***** Provided data *****
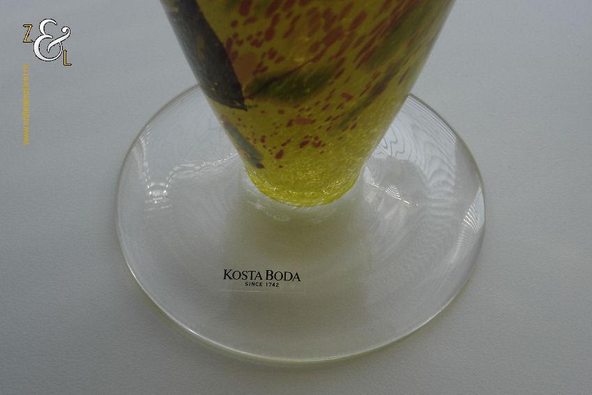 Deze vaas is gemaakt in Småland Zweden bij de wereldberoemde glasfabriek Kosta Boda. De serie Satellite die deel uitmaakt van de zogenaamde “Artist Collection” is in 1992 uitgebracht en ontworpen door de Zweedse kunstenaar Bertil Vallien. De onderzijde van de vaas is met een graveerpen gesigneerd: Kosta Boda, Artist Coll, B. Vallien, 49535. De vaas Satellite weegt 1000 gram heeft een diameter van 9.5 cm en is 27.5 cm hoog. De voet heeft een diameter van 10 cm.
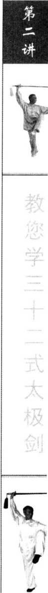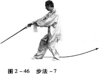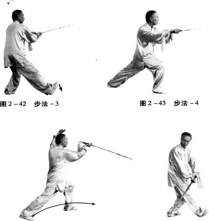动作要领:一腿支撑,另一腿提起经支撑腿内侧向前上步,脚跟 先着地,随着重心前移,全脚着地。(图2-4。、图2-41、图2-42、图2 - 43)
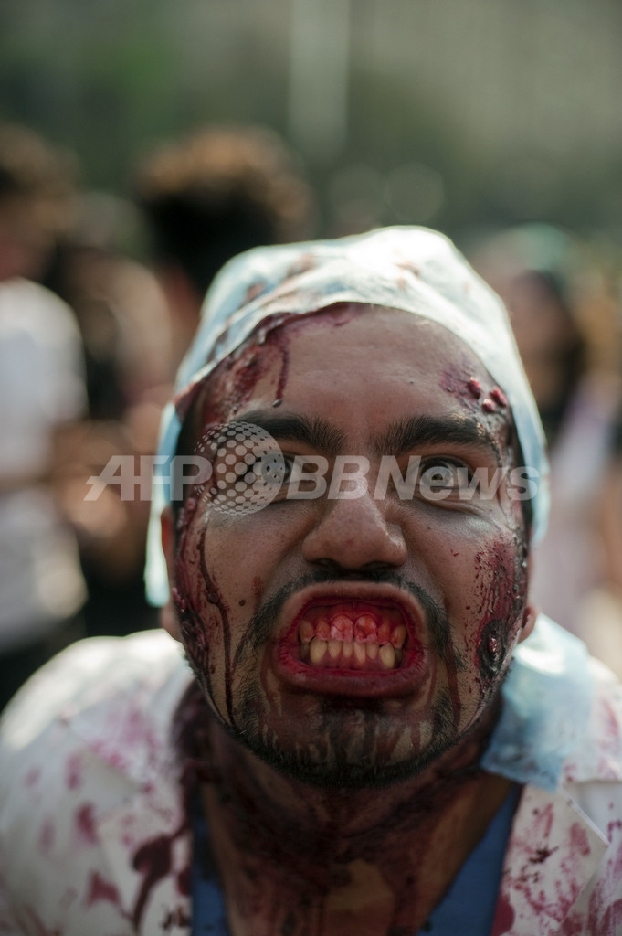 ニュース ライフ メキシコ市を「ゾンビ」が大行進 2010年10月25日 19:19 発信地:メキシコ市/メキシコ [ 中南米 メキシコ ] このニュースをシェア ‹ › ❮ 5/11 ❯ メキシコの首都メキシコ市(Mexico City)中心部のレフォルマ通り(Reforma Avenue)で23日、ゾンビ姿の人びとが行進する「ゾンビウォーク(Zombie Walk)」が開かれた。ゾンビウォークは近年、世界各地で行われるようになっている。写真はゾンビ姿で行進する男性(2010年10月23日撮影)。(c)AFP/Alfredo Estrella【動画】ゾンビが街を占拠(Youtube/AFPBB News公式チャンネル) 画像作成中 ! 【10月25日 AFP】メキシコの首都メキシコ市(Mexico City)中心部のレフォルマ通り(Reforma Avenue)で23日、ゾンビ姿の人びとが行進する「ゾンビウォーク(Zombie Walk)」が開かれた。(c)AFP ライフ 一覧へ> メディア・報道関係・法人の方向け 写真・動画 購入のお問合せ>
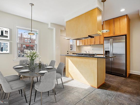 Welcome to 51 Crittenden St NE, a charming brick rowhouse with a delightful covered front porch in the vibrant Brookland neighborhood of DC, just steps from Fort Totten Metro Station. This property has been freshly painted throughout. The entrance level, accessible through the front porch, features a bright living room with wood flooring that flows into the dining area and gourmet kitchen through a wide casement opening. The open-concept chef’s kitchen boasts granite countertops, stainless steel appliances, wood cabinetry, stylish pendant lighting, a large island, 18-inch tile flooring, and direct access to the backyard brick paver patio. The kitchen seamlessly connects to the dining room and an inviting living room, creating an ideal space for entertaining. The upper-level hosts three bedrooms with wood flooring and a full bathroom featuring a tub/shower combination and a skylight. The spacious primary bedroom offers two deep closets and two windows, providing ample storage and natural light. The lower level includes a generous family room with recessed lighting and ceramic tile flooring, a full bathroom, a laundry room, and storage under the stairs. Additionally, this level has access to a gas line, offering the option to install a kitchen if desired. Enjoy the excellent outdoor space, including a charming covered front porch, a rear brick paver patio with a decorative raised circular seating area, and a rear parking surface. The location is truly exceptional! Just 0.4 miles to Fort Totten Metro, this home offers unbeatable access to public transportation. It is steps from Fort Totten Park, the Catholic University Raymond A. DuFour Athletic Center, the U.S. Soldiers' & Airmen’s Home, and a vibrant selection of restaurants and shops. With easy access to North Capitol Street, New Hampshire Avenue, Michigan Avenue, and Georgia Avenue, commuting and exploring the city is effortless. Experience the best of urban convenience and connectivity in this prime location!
*****
Could you repeat all of the data exactly, minus the pictures?

## Your response
 Deze vaas is gemaakt in Småland Zweden bij de wereldberoemde glasfabriek Kosta Boda. De serie Satellite die deel uitmaakt van de zogenaamde “Artist Collection” is in 1992 uitgebracht en ontworpen door de Zweedse kunstenaar Bertil Vallien. De onderzijde van de vaas is met een graveerpen gesigneerd: Kosta Boda, Artist Coll, B. Vallien, 49535. De vaas Satellite weegt 1000 gram heeft een diameter van 9.5 cm en is 27.5 cm hoog. De voet heeft een diameter van 10 cm.
动作要领:一腿支撑,另一腿提起经支撑腿内侧向前上步,脚跟 先着地,随着重心前移,全脚着地。(图2-4。、图2-41、图2-42、图2 - 43)
 ニュース ライフ メキシコ市を「ゾンビ」が大行進 2010年10月25日 19:19 発信地:メキシコ市/メキシコ [ 中南米 メキシコ ] このニュースをシェア ‹ › ❮ 5/11 ❯ メキシコの首都メキシコ市(Mexico City)中心部のレフォルマ通り(Reforma Avenue)で23日、ゾンビ姿の人びとが行進する「ゾンビウォーク(Zombie Walk)」が開かれた。ゾンビウォークは近年、世界各地で行われるようになっている。写真はゾンビ姿で行進する男性(2010年10月23日撮影)。(c)AFP/Alfredo Estrella【動画】ゾンビが街を占拠(Youtube/AFPBB News公式チャンネル) 画像作成中 ! 【10月25日 AFP】メキシコの首都メキシコ市(Mexico City)中心部のレフォルマ通り(Reforma Avenue)で23日、ゾンビ姿の人びとが行進する「ゾンビウォーク(Zombie Walk)」が開かれた。(c)AFP ライフ 一覧へ> メディア・報道関係・法人の方向け 写真・動画 購入のお問合せ>
 Welcome to 51 Crittenden St NE, a charming brick rowhouse with a delightful covered front porch in the vibrant Brookland neighborhood of DC, just steps from Fort Totten Metro Station. This property has been freshly painted throughout. The entrance level, accessible through the front porch, features a bright living room with wood flooring that flows into the dining area and gourmet kitchen through a wide casement opening. The open-concept chef’s kitchen boasts granite countertops, stainless steel appliances, wood cabinetry, stylish pendant lighting, a large island, 18-inch tile flooring, and direct access to the backyard brick paver patio. The kitchen seamlessly connects to the dining room and an inviting living room, creating an ideal space for entertaining. The upper-level hosts three bedrooms with wood flooring and a full bathroom featuring a tub/shower combination and a skylight. The spacious primary bedroom offers two deep closets and two windows, providing ample storage and natural light. The lower level includes a generous family room with recessed lighting and ceramic tile flooring, a full bathroom, a laundry room, and storage under the stairs. Additionally, this level has access to a gas line, offering the option to install a kitchen if desired. Enjoy the excellent outdoor space, including a charming covered front porch, a rear brick paver patio with a decorative raised circular seating area, and a rear parking surface. The location is truly exceptional! Just 0.4 miles to Fort Totten Metro, this home offers unbeatable access to public transportation. It is steps from Fort Totten Park, the Catholic University Raymond A. DuFour Athletic Center, the U.S. Soldiers' & Airmen’s Home, and a vibrant selection of restaurants and shops. With easy access to North Capitol Street, New Hampshire Avenue, Michigan Avenue, and Georgia Avenue, commuting and exploring the city is effortless. Experience the best of urban convenience and connectivity in this prime location!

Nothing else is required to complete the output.